→ **PROBLEM STATEMENT**: Please reproduce the data exactly, though every picture must stay out.

→ **RECORDED INFORMATION**:
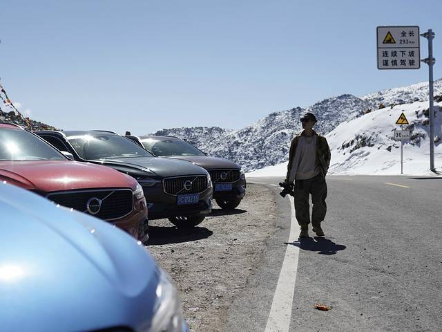驱车前行,时而会乌云满天,时而路过依旧干枯的树林,冰冷的雪山清晰的像是一伸出手就能碰到,往往却能在下一个转弯处遇上阳光明媚的好天气。318国道蜿蜒曲折,虽然路况良好,但要一直谨慎小心驾驶,好在xc60从T5车型开始,就配置Pilot Assist领航辅助系统,0-130公里/小时内辅助加速、刹车和转向功能,让我这一路从容了许多。
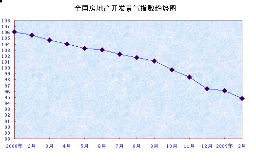 2月份,全國(guó)房地產(chǎn)開(kāi)發(fā)景氣指數(shù)(簡(jiǎn)稱“國(guó)房景氣指數(shù)”)為94.86,比去年12月份回落1.6點(diǎn),比去年同期回落10.69點(diǎn)。
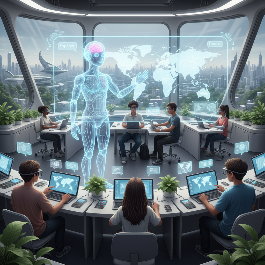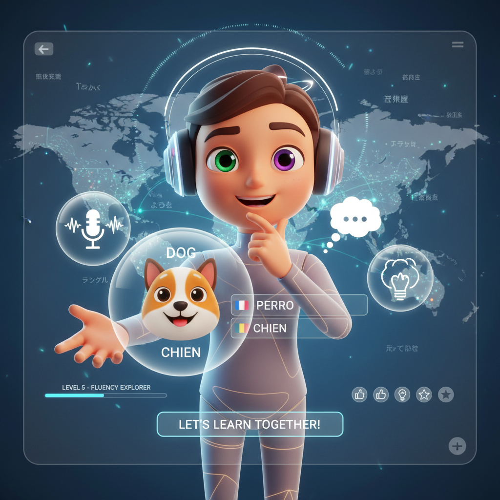Cyfrowa postać wyposażona w sztuczną inteligencję, zdolna do prowadzenia interaktywnych lekcji językowych, analizowania postępów i dostosowywania feedbacku do indywidualnych potrzeb.
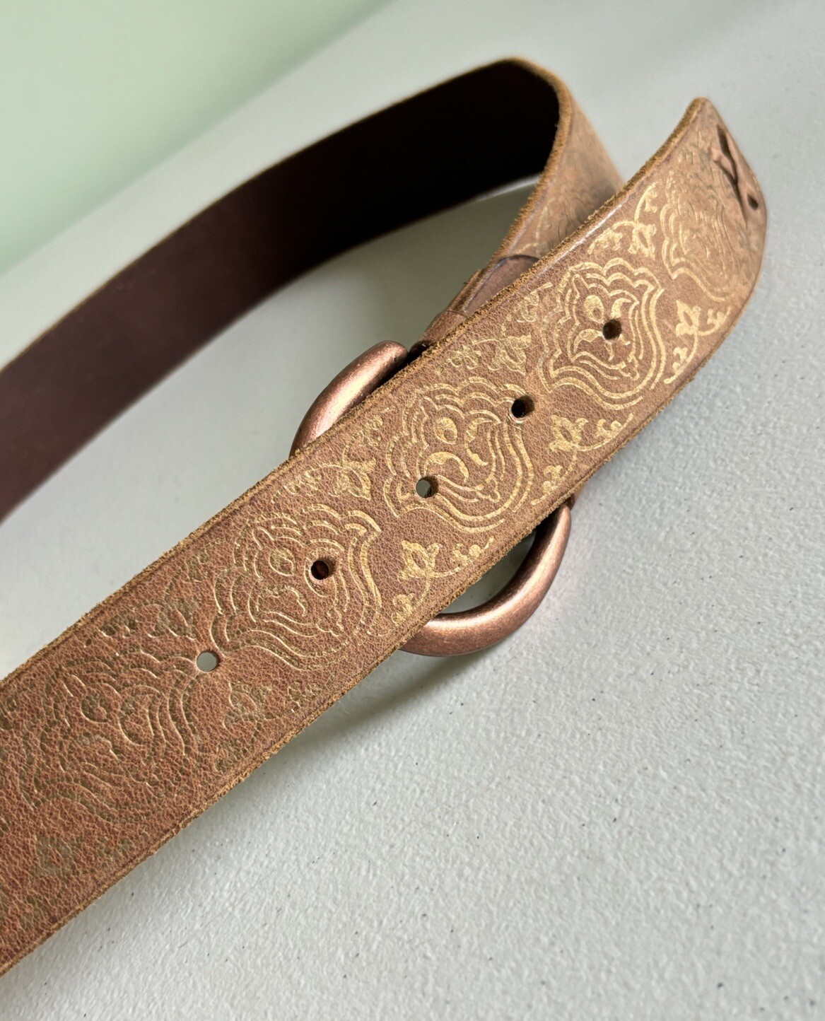 Gap Jeans 1969 Henna Pattern Genuine Leather w/ Brass Buckle Belt Size L USA

→ **RESPONSE TO THIS EXERCISE**:
驱车前行,时而会乌云满天,时而路过依旧干枯的树林,冰冷的雪山清晰的像是一伸出手就能碰到,往往却能在下一个转弯处遇上阳光明媚的好天气。318国道蜿蜒曲折,虽然路况良好,但要一直谨慎小心驾驶,好在xc60从T5车型开始,就配置Pilot Assist领航辅助系统,0-130公里/小时内辅助加速、刹车和转向功能,让我这一路从容了许多。
 2月份,全國(guó)房地產(chǎn)開(kāi)發(fā)景氣指數(shù)(簡(jiǎn)稱“國(guó)房景氣指數(shù)”)為94.86,比去年12月份回落1.6點(diǎn),比去年同期回落10.69點(diǎn)。
Cyfrowa postać wyposażona w sztuczną inteligencję, zdolna do prowadzenia interaktywnych lekcji językowych, analizowania postępów i dostosowywania feedbacku do indywidualnych potrzeb.
 Gap Jeans 1969 Henna Pattern Genuine Leather w/ Brass Buckle Belt Size L USA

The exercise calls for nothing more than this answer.